From: "Janos Haar" <janos.haar@netcenter.hu>
To: MRK <mrk@shiftmail.org>
Cc: linux-raid@vger.kernel.org
Subject: Re: Suggestion needed for fixing RAID6
Date: Thu, 29 Apr 2010 23:07:40 +0200 [thread overview]
Message-ID: <0c1201cae7e0$01f9a930$0400a8c0@dcccs> (raw)
In-Reply-To: 4BD9A41E.9050009@shiftmail.org
----- Original Message -----
From: "MRK" <mrk@shiftmail.org>
To: "Janos Haar" <janos.haar@netcenter.hu>
Cc: <linux-raid@vger.kernel.org>
Sent: Thursday, April 29, 2010 5:22 PM
Subject: Re: Suggestion needed for fixing RAID6
> On 04/29/2010 09:55 AM, Janos Haar wrote:
>>
>> md3 : active raid6 sdd4[12] sdl4[11] sdk4[10] sdj4[9] sdi4[8] dm-1[13](F)
>> sdg4[6
>> ] sdf4[5] dm-0[4] sdc4[2] sdb4[1] sda4[0]
>> 14626538880 blocks level 6, 16k chunk, algorithm 2 [12/10]
>> [UUU_UUU_UUUU]
>> [===========>.........] recovery = 56.8% (831095108/1462653888)
>> finish=50
>> 19.8min speed=2096K/sec
>>
>> Drive dropped again with this patch!
>> + the kernel freezed.
>> (I will try to get more info...)
>>
>> Janos
>
> Hmm too bad :-( it seems it still doesn't work, sorry for that
>
> I suppose the kernel didn't freeze immediately after disabling the drive
> or you wouldn't have had the chance to cat /proc/mdstat...
this was this command in putty.exe window:
watch "cat /proc/mdstat ; du -h /snap*"
I think it have crashed soon.
I had no time to recognize what happened and exit from the watch.
>
> Hence dmesg messages might have gone to /var/log/messages or something.
> Can you look there to see if there is any interesting message to post
> here?
Yes, i know that.
The crash was not written up unfortunately.
But there is some info:
(some UNC reported from sdh)
....
Apr 29 09:50:29 Clarus-gl2k10-2 kernel: res
51/40:00:27:c0:5e/40:00:63:00:00/e0 Emask 0x9 (media error)
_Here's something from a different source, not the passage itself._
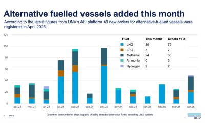在4月,甲醇和LNG新船订单数量相近,在49份新船订...

Apr 29 09:50:29 Clarus-gl2k10-2 kernel: ata8.00: status: { DRDY ERR }
Apr 29 09:50:29 Clarus-gl2k10-2 kernel: ata8.00: error: { UNC }
Apr 29 09:50:29 Clarus-gl2k10-2 kernel: ata8.00: configured for UDMA/133
Apr 29 09:50:29 Clarus-gl2k10-2 kernel: sd 7:0:0:0: [sdh] Result:
hostbyte=DID_OK driverbyte=DRIVER_SENSE,SUGGEST_OK
Apr 29 09:50:29 Clarus-gl2k10-2 kernel: sd 7:0:0:0: [sdh] Sense Key : Medium
Error [current] [descriptor]
Apr 29 09:50:29 Clarus-gl2k10-2 kernel: Descriptor sense data with sense
descriptors (in hex):
Apr 29 09:50:29 Clarus-gl2k10-2 kernel: 72 03 11 04 00 00 00 0c 00
0a 80 00 00 00 00 00
Apr 29 09:50:29 Clarus-gl2k10-2 kernel: 63 5e c0 27
Apr 29 09:50:29 Clarus-gl2k10-2 kernel: sd 7:0:0:0: [sdh] Add. Sense:
Unrecovered read error - auto reallocate failed
Apr 29 09:50:29 Clarus-gl2k10-2 kernel: end_request: I/O error, dev sdh,
sector 1667153959
Apr 29 09:50:29 Clarus-gl2k10-2 kernel: raid5:md3: read error not
correctable (sector 1662189872 on dm-1).
Apr 29 09:50:29 Clarus-gl2k10-2 kernel: raid5:md3: read error not
correctable (sector 1662189880 on dm-1).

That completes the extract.